Por outro lado, há academias corretas, onde o aluno iniciante não é tratado com menosprezo, reducionismos ou arrogância vindos do professor ou dos mais graduados. Há a prevalência do ensino focado na essência da arte da luta, no qual o aluno aprende a se posicionar diante de todos sem se sentir constrangido; aprende as regras do tatame assim que pisa nele pela primeira vez e assim saberá que será repreendido (e não humilhado) quando transgredir alguma delas; aprende a respeitar as hierarquias das faixas sem sentir a sua própria faixa desmerecida; aprende que se ele cumprimenta o mais graduado é por valorização, respeito e admiração. Entende-se que uma academia disciplinadora está longe de ser um quartel general onde manda quem pode, obedece quem tem juízo.
É preciso reconhecer o valor que os alunos iniciantes possuem, pois todos que lidam com o jiu-jitsu sabem que são eles que mantêm as academias por serem quase sempre maioria nas aulas. São eles que precisam ser motivados para não desistirem no primeiro obstáculo.
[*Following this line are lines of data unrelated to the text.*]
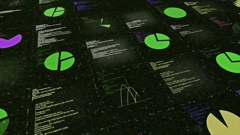 Schedules and programs. Amimation. A black background on which programs are written in bright colors and graphics are created in abstraction. Pro Video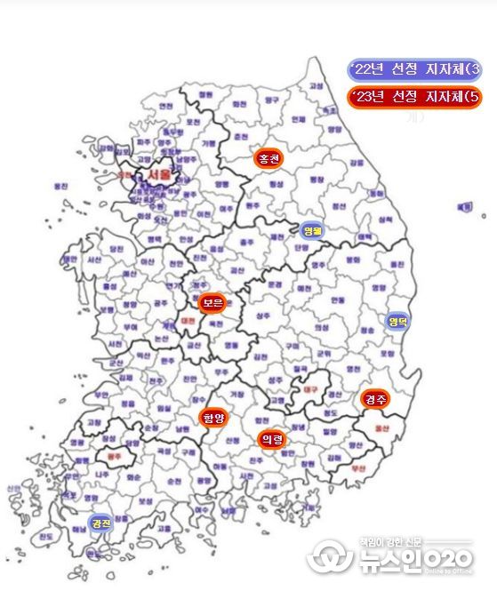 선정된 지자체는 강원도 홍천군, 충청북도 보은군, 경상북도 경주시, 경상남도 의령군, 경상남도 함양군 등 5곳이며, 서면심사와 현지실사 등을 거쳐 선정됐다.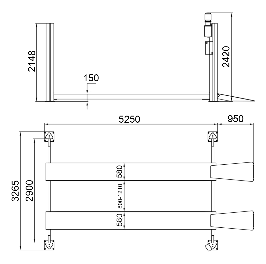 Подъемник четырехстоечный электрогидравлический, г/п 5000 кг., 2,2 кВт, высота подъема 1800 мм., размеры платформ 5230x580 мм, платформы - гладкие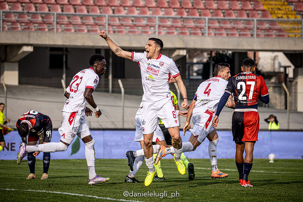 Nel primo tempo sono gli ospiti a partire meglio, gestendo il possesso e recuperando molti palloni nella metà campo biancorossa. La prima occasione importante arriva al 19′: su punizione di Mastinu, una deviazione involontaria di Rigo rischia di sorprendere Sorzi, bravo a togliere il pallone dall’incrocio dei pali. I sardi insistono e si rendono pericolosi ancora con Liviero e Di Stefano, mentre il Carpi cresce nel finale di frazione. Al 44′ Pietra sfiora il vantaggio colpendo la traversa dopo un contrasto vinto con Baldi.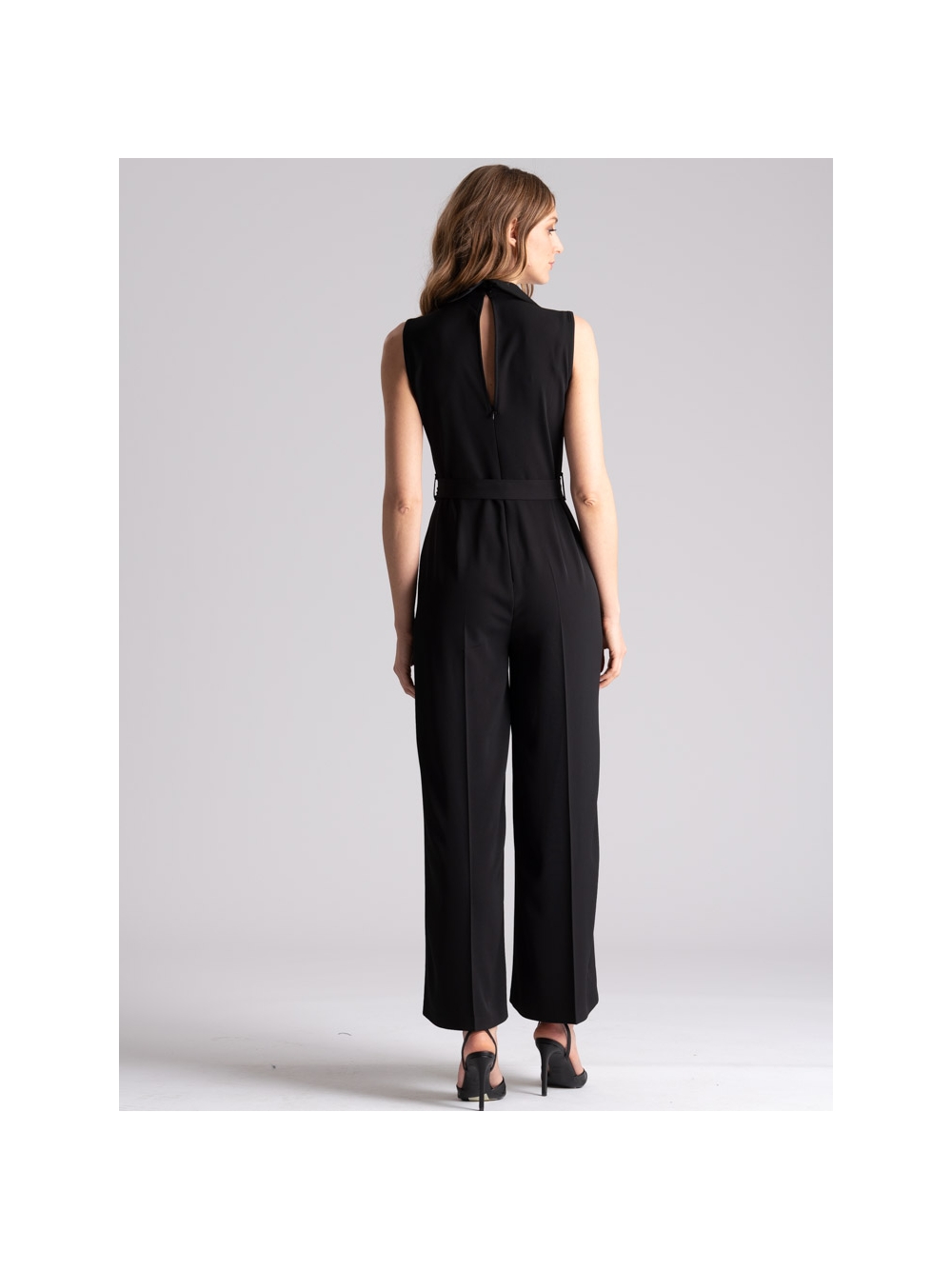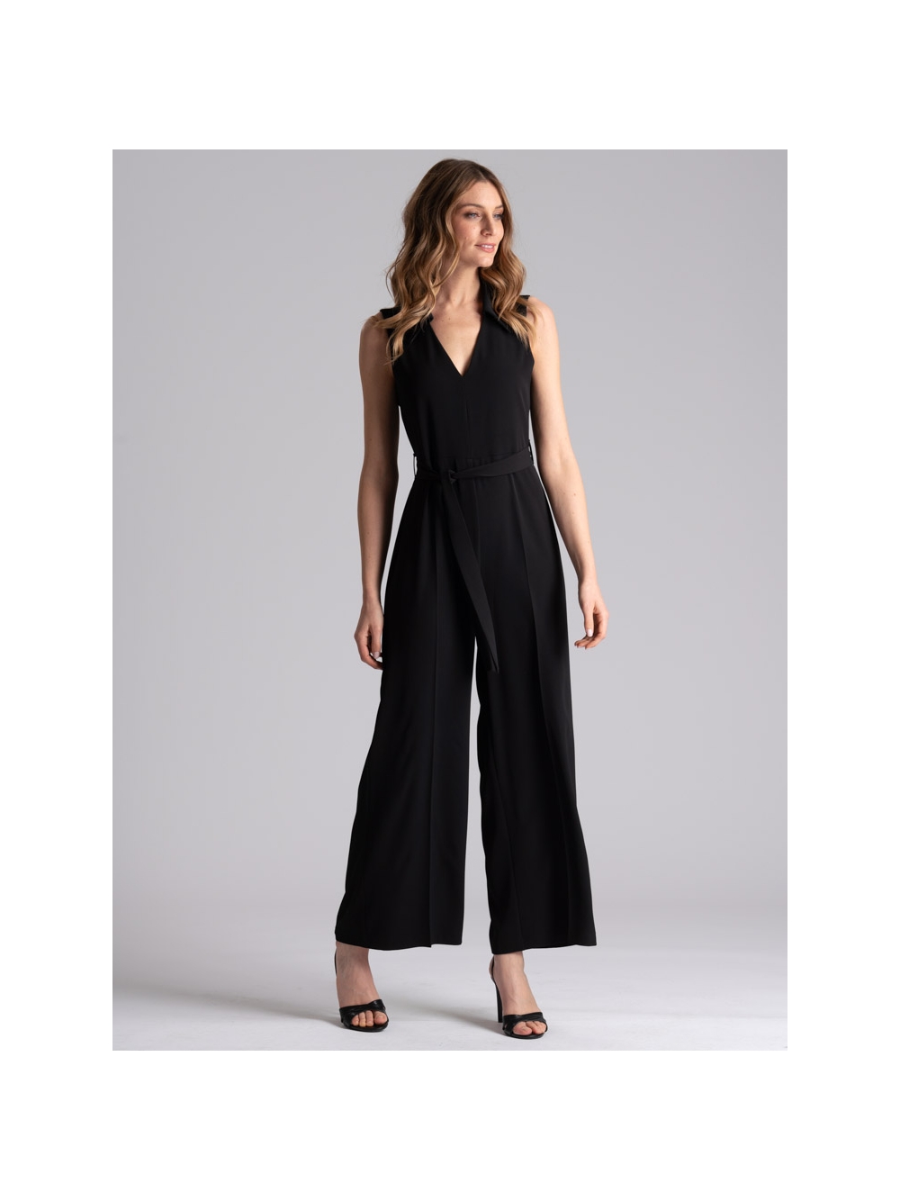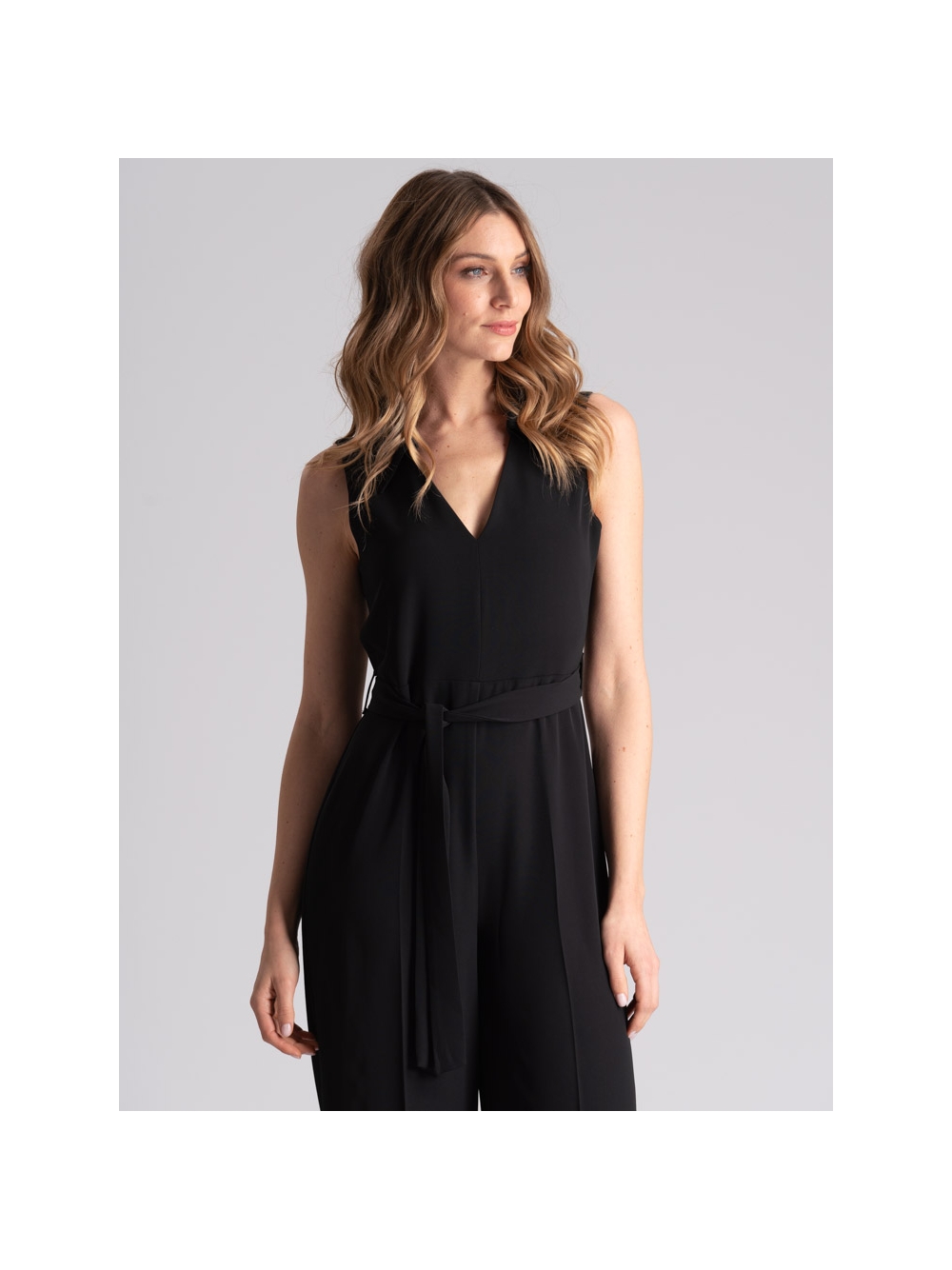 Tuta donna smanicata tinta unita nero, realizzata in tessuto cadì molto fluido per una vestibilità confortevole. Questa tuta donna è caratterizzata dal sopra con scollo a V e collo a camicia, chiusura posteriore con bottoni e taglio a goccia, cintura di tessuto in vita e pantalone fluido con gamba dritta.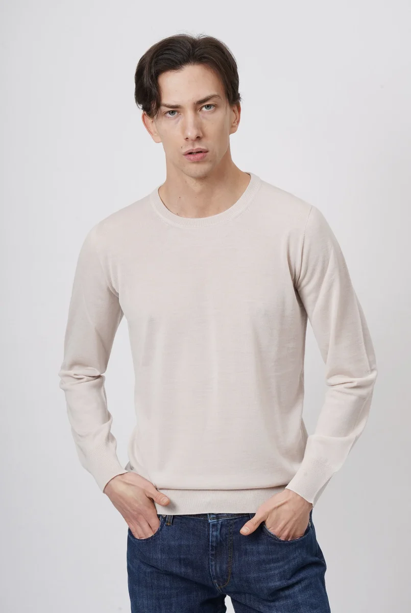 Maglia Girocollo in Lana Merino Beige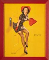 A striking set of twelve original 1950s pin-up showgirl cards by Louis F. Dow St. Paul Minn - Litho USA , now newly professionally mounted and framed for a bold, playful statement. Each card features an illustration full of charm, humour, and flirtation, capturing the golden era of pin-up artistry. The vibrant colours and cheeky scenarios reflect the post-war optimism and glamour of the time. Framed individually in coordinating wooden frames with bright pops of red, orange, and black, these pieces are ready to hang and make a fabulous feature grouped together or displayed separately. Ideal for collectors, lovers of vintage design, or anyone looking to add a touch of retro fun to their interiors. Dow has been a professional printmaker for over 35 years, running professional, commercial printmaking studios in Los Angeles, Indiana, Fundão, Portugal and Miami. At each of these locations he made his own art; worked with artists from around the world who have an interest in printmaking, especially etchings and monotypes and monoprints; did workshops and was generally supportive of aspiring and accomplished printmakers and artists.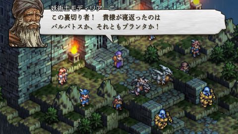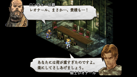ロンウェー公爵を暗殺したレオナールは、 デニムに剣を向ける。 そこへヴァイスとアロセールがかけつけ、 4対1の戦いとなる。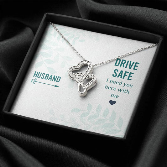 Husband - Drive Safe I Need You Here With Me - Double Hearts Necklace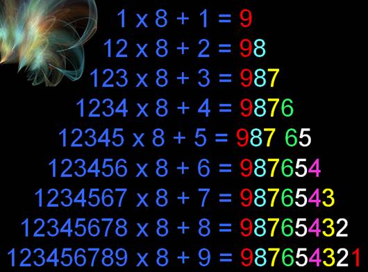 “Nếu lấy số hợp bởi 9 con số từ 1 đến 9 theo thứ tự đó, nhân với 8, rồi lấy kết quả cộng với 9, thì ta có số đó đọc ngược lại”.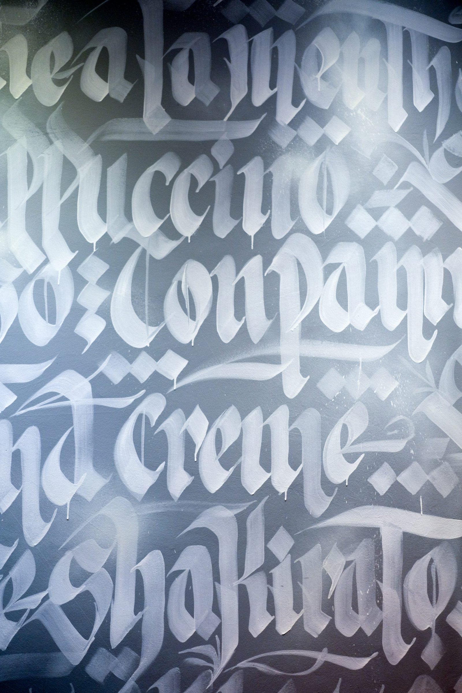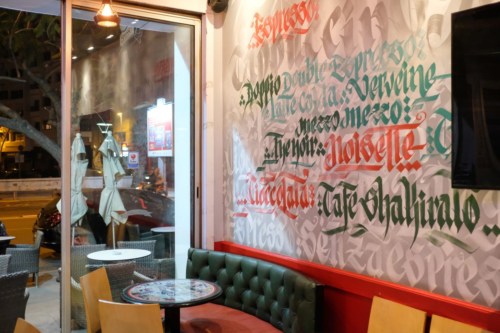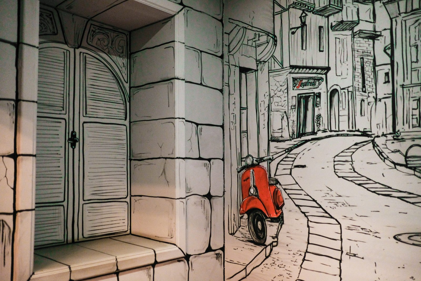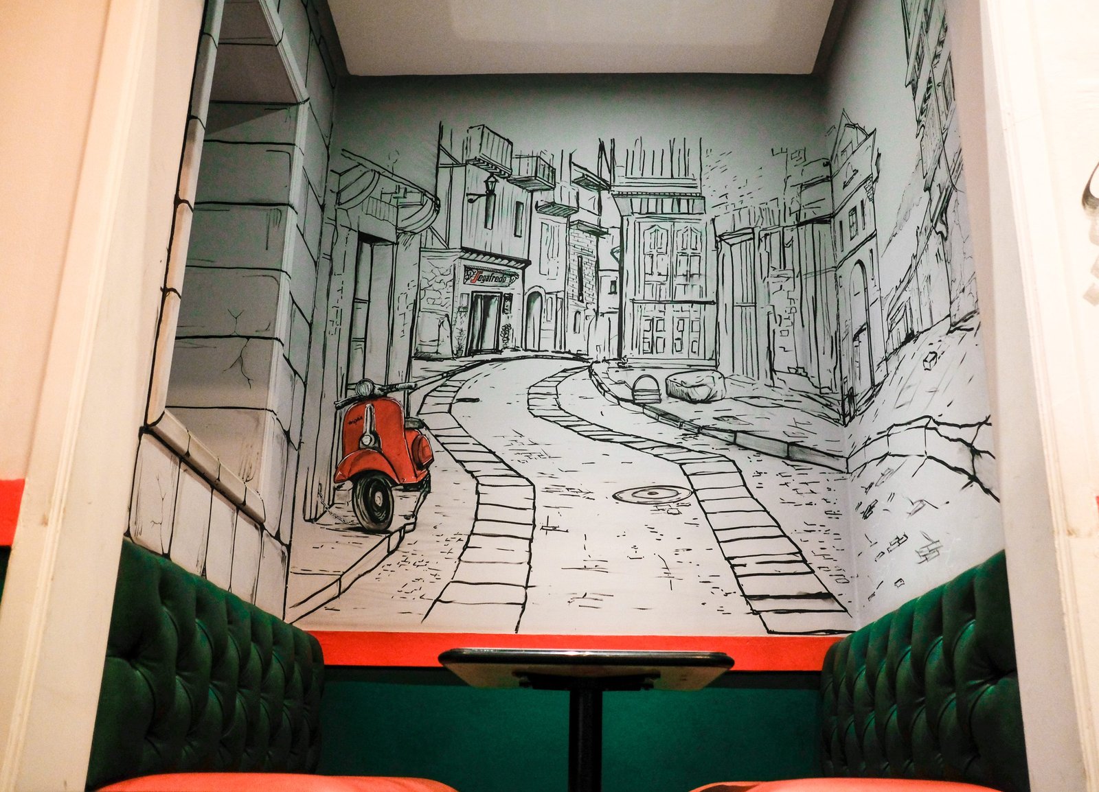 Le projet comprenait un mur de calligraphie, une illusion d’optique avec une Vespa, une fresque de village italien, une image vintage des années 60 et une tasse de café suspendue en plein vol.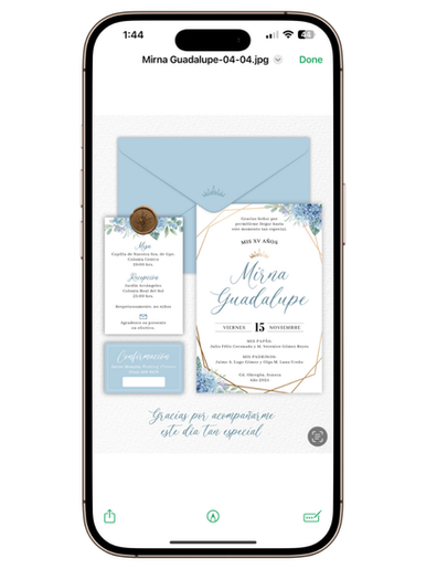 Las invitaciones digitales están listas en 8 días hábiles (después del pago y de enviar datos).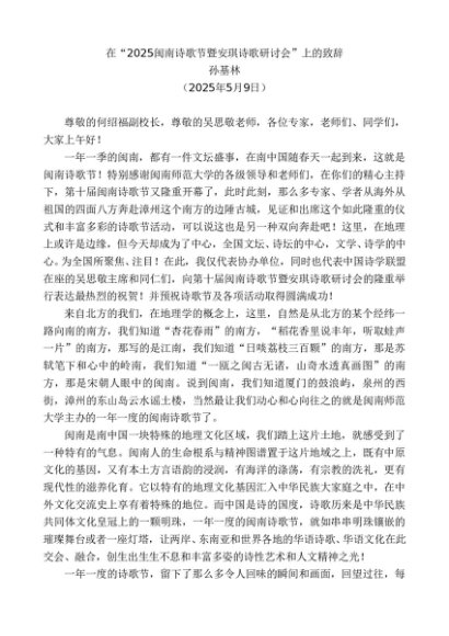 / 领导讲话:20250509孙基林:在“2025闽南诗歌节暨安琪诗歌研讨会”上的致辞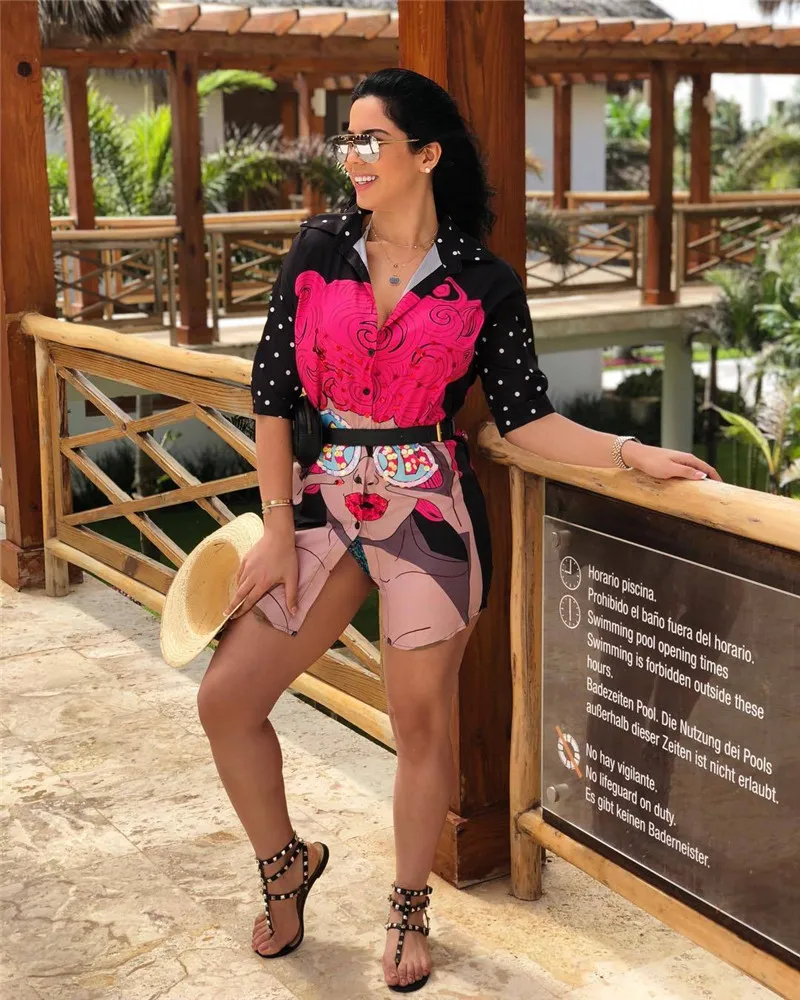 2018 блузка с принтом персонажа для женщин топы корректирующие и блузки для малышек Лето Половина рукава блесток отложной воротник повседнев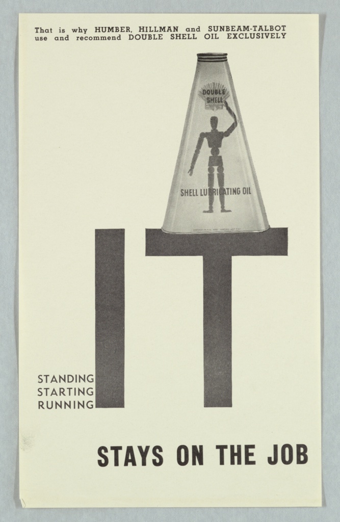 Print, It Stays on the Job; Designed by Edward McKnight Kauffer (American, active England, 1890–1954); Client: Shell-Mex and BP Ltd.; USA; offset lithograph on paper; 27.5 × 16.8 cm (10 13/16 × 6 5/8 in.); Gift of Mrs. E. McKnight Kauffer; 1963-39-586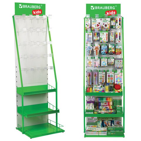 Стойка для размещения товара напольная BRAUBERG KIDS, 205x60x50 см, 25 крючков, 3 полки, 506321
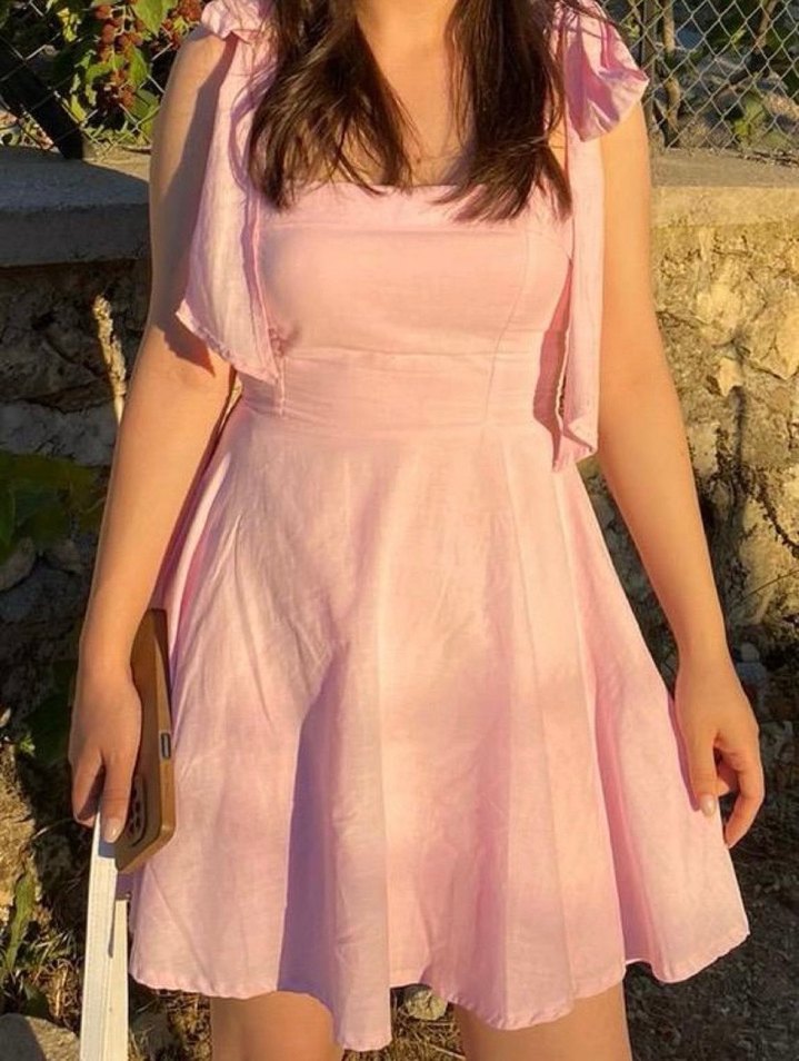 Pudra pembe keten kumaştan, askılı ve drapeli yakaya sahip, rahat kesim midi elbise. Günlük sokak stili için uygun .

Os valores do jiu-jitsu são ensinados quando se é faixa branca e se este aprendizado for comprometido teremos cada vez mais graduados com o perfil de tiranos e ditadores nas academias que refletirão fora delas.
É preciso atentar para os exageros, erradicar situações do tipo “aqui faixa branca é que limpa o tatame”; “paga 10 aí, ô faixa branca, por se meter na conversa de graduado!”; “faixa branca não é gente”. Ao invés disso é preciso informar que todos devem contribuir para a melhor conduta das aulas, ajudar com a higiene do local de treino, solicitar apoio e não impô-la pelo simples argumento de que “o branca tem obrigação que fazer”.
Se o faixa preta é o branca que não desistiu, ele com certeza teve vários motivos para ficar e persistir. Seria mais nobre se cada graduado que ajudou o branca a não desistir fosse lembrado por ter sido ponte e não obstáculo para a formação de um graduado responsável com seus pares e cidadão de bem. Lembre-se, antes de qualquer faixa, antes até do jiu-jitsu, somos todos seres humanos que merecem respeito. A Arte Suave agradece e a humanidade também.
E sabe para que serve o faixa branca? Para sempre nos lembrar de onde viemos.